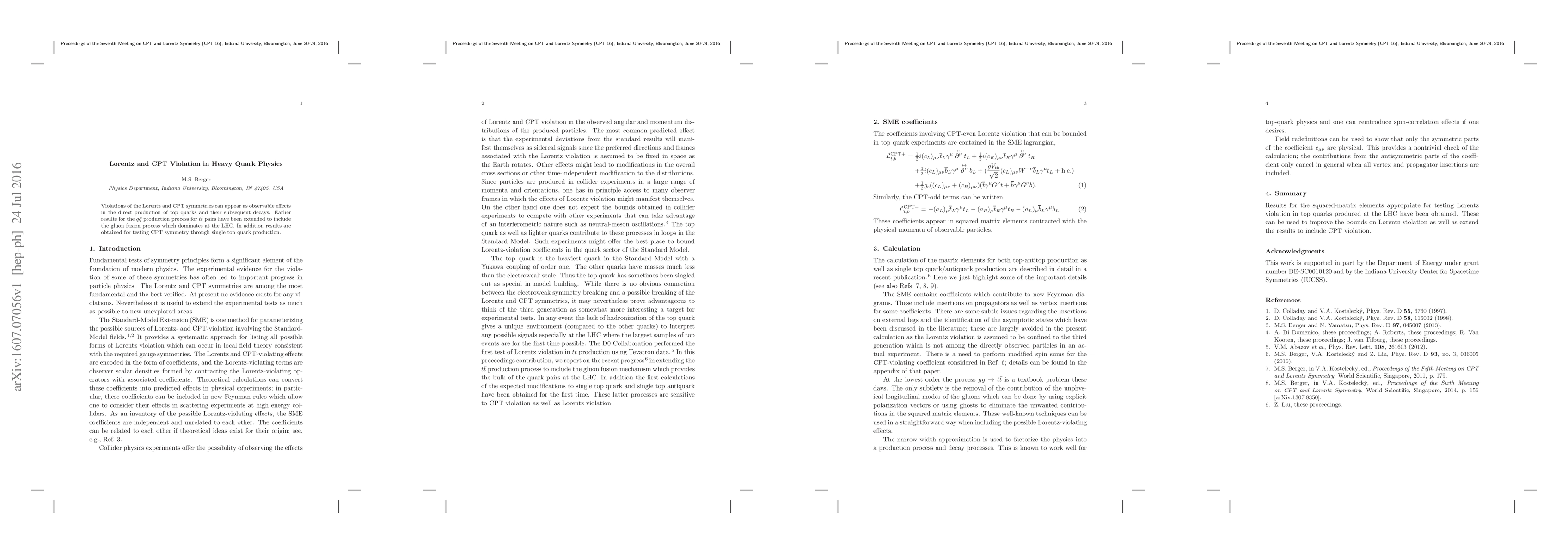 This paper investigates the potential observable effects of Lorentz and CPT symmetry violations in the production and decay of top quarks, extending previous results for $t\bar{t}$ pairs to include gluon fusion processes at the LHC and examining single top quark production for CPT symmetry testing.
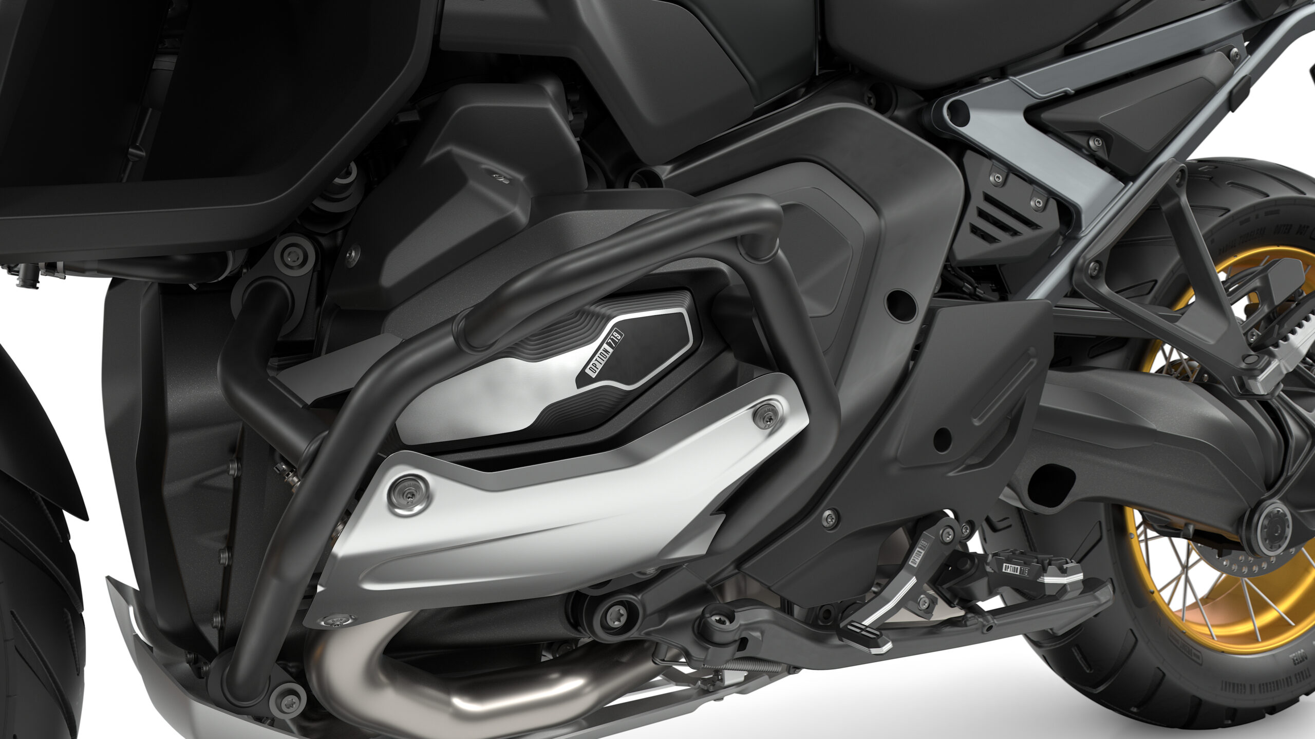 Высокое защитное стекло оградит водителя от встречного ветра. В защитные элементы для рук мотоциклиста встроены указатели поворота. Рычаги тормоза и сцепления можно отрегулировать под личные параметры. С помощью ассистента переключения передач упрощается процесс управления байком. Спереди установлена регулируемая вилка, а сзади Paralever (консольный маятник с моноамортизатором).
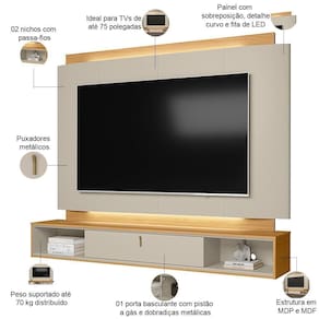 ProductInstructions: Produto para uso em ambiente interno, não devendo ficar exposto diretamente ao sol, calor e umidade | ColorFamily: Carvalho | ColorSimple: Carvalho | SizeDescription: Altura: 163 x Largura: 200 x Profundidade: 33 cm | Material: Estrutura MDPMDF | Com compartimento para alto-falantes: Não | OriginCountry: Brasil | Model: Benny | ColorSupplier: Tauari Off White Fosco | ProductWidth: 200 cm | ProductContents: 01 Painel para TV | SupplierSimpleName: Painel Para TV 75 Pol Bancada Suspensa 200cm LED Benny L05 Tauari Off White Fosco - Lyam Decor | OriginState: PR | Quantidade de portas: 1 | ProductLength: 33 cm | ProductWeight: 61 kg | Profundidade: 33 cm | Color: Tauari Off White Fosco | ProductHeight: 163 cm | MaterialFamily: MDPMDF | Com rodas: Não | ProductWarranty: 90 dias após o recebimento do poduto | Materiais do corpo: MDPMDF | Quantidade de gavetas: 0 | Cor: Tauari Off White Fosco | Peso: 61 kg | Requer montagem: Sim | Tamanho máximo de TV: 75 Polegadas | Largura: 200 cm | Material das corrediças: na | Material da estrutura: MDP | Quantidade de prateleiras: 0 | Altura: 163 cm
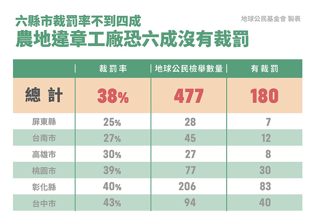 多年來農地違章工廠「不遷不拆」,地方政府則以經費及人力不足為由,執法效率甚低。地球公民基金會等環團於28日召開記者會,分析自2020年起民眾向各縣市府檢舉的農地違章工廠個案,指出桃園、台中等六縣市確認有被裁罰的個案共計不足四成。並指民眾檢舉還須自費購買地籍相關證明,以及縣府執法會面對「人情關係的壓力」。呼籲要求當局加快裁罰、落實複查,...
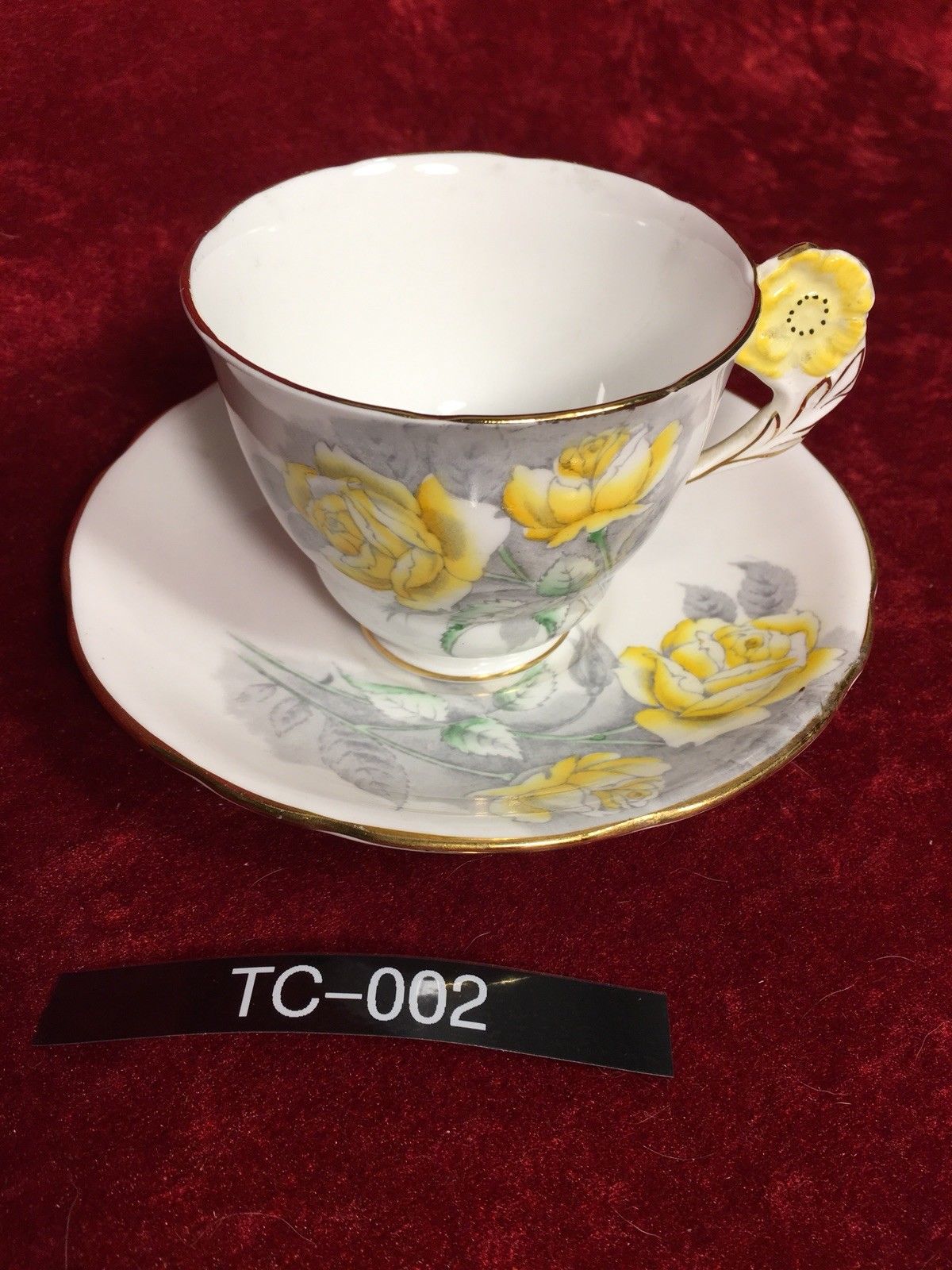 Antique Royal Stafford bone china teacup and saucer, yellow rose design

------------------------------

## What this task involves
To answer, repeat exactly the lines from the line containing "多年來農地違章工廠「不遷不拆" through the last line of the data above, leaving out all pictures.

## Answer to this problem
 多年來農地違章工廠「不遷不拆」,地方政府則以經費及人力不足為由,執法效率甚低。地球公民基金會等環團於28日召開記者會,分析自2020年起民眾向各縣市府檢舉的農地違章工廠個案,指出桃園、台中等六縣市確認有被裁罰的個案共計不足四成。並指民眾檢舉還須自費購買地籍相關證明,以及縣府執法會面對「人情關係的壓力」。呼籲要求當局加快裁罰、落實複查,...
 Antique Royal Stafford bone china teacup and saucer, yellow rose design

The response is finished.